[
https://issues.apache.org/jira/browse/WHIRR-413?page=com.atlassian.jira.plugin.system.issuetabpanels:comment-tabpanel&focusedCommentId=13149220#comment-13149220
]
Jongwook Woo commented on WHIRR-413:
------------------------------------
I also ran two times bigger data on HBase code without scan.setCaching(2000)
and it has the same error as follows because of the space limit:
11/11/13 04:51:34 WARN mapred.LocalJobRunner: job_local_0001
org.apache.hadoop.fs.FSError: java.io.IOException: No space left on device
at
org.apache.hadoop.fs.RawLocalFileSystem$LocalFSFileOutputStream.write(RawLocalFileSystem.java:192)
at
java.io.BufferedOutputStream.flushBuffer(BufferedOutputStream.java:65)
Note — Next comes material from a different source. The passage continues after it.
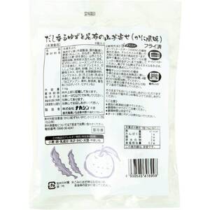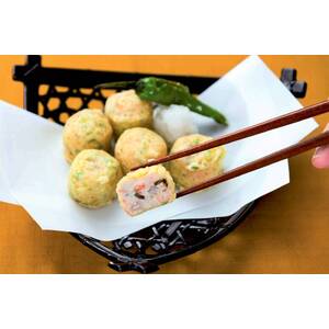 魚肉すり身、れんこん、玉ねぎ、紅ずわいがに等を使用。ふんわりとした魚肉すり身に、ゆず皮と昆布を混ぜ込み、青さ入りの衣をつけた磯辺天です。かつおと昆布のだし感とかにの風味やれんこんの食感が楽しめます。

at java.io.BufferedOutputStream.write(BufferedOutputStream.java:109)
at
org.apache.hadoop.fs.FSDataOutputStream$PositionCache.write(FSDataOutputStream.java:49)
at java.io.DataOutputStream.write(DataOutputStream.java:90)
at
org.apache.hadoop.mapred.IFileOutputStream.write(IFileOutputStream.java:84)
at
org.apache.hadoop.fs.FSDataOutputStream$PositionCache.write(FSDataOutputStream.java:49)
at java.io.DataOutputStream.write(DataOutputStream.java:90)
at org.apache.hadoop.mapred.IFile$Writer.append(IFile.java:217)
at org.apache.hadoop.mapred.Merger.writeFile(Merger.java:157)
at
org.apache.hadoop.mapred.MapTask$MapOutputBuffer.mergeParts(MapTask.java:1535)
at
org.apache.hadoop.mapred.MapTask$MapOutputBuffer.flush(MapTask.java:1154)
at
org.apache.hadoop.mapred.MapTask$NewOutputCollector.close(MapTask.java:549)
at org.apache.hadoop.mapred.MapTask.runNewMapper(MapTask.java:623)
at org.apache.hadoop.mapred.MapTask.run(MapTask.java:305)
at
org.apache.hadoop.mapred.LocalJobRunner$Job.run(LocalJobRunner.java:177)
Caused by: java.io.IOException: No space left on device
at java.io.FileOutputStream.writeBytes(Native Method)
at java.io.FileOutputStream.write(FileOutputStream.java:282)
at
org.apache.hadoop.fs.RawLocalFileSystem$LocalFSFileOutputStream.write(RawLocalFileSystem.java:190)
... 15 more
jongwook@ip-10-84-69-196:~$ df -h
Filesystem Size Used Avail Use% Mounted on
/dev/sda1 9.9G 9.4G 1.2M 100% /
none 846M 116K 846M 1% /dev
none 879M 0 879M 0% /dev/shm
none 879M 64K 878M 1% /var/run
none 879M 0 879M 0% /var/lock
none 879M 0 879M 0% /lib/init/rw
/dev/sda2 335G 200M 318G 1% /mnt
Thus, the error is not mainly from "scan.setCaching(2000)". If there is a way
to configure to increase the size of /dev/sda1, that is, /tmp, the issue could
be resolved.
> jobcache file is stored at /tmp/ folder so that it has out of storage error
> ---------------------------------------------------------------------------
>
> Key: WHIRR-413
> URL: https://issues.apache.org/jira/browse/WHIRR-413
> Project: Whirr
> Issue Type: Bug
> Components: build, service/hadoop
> Affects Versions: 0.6.0, 0.7.0
> Environment: - Ubuntu-11.10
> - java version "1.6.0_23"
> OpenJDK Runtime Environment (IcedTea6 1.11pre) (6b23~pre10-0ubuntu5)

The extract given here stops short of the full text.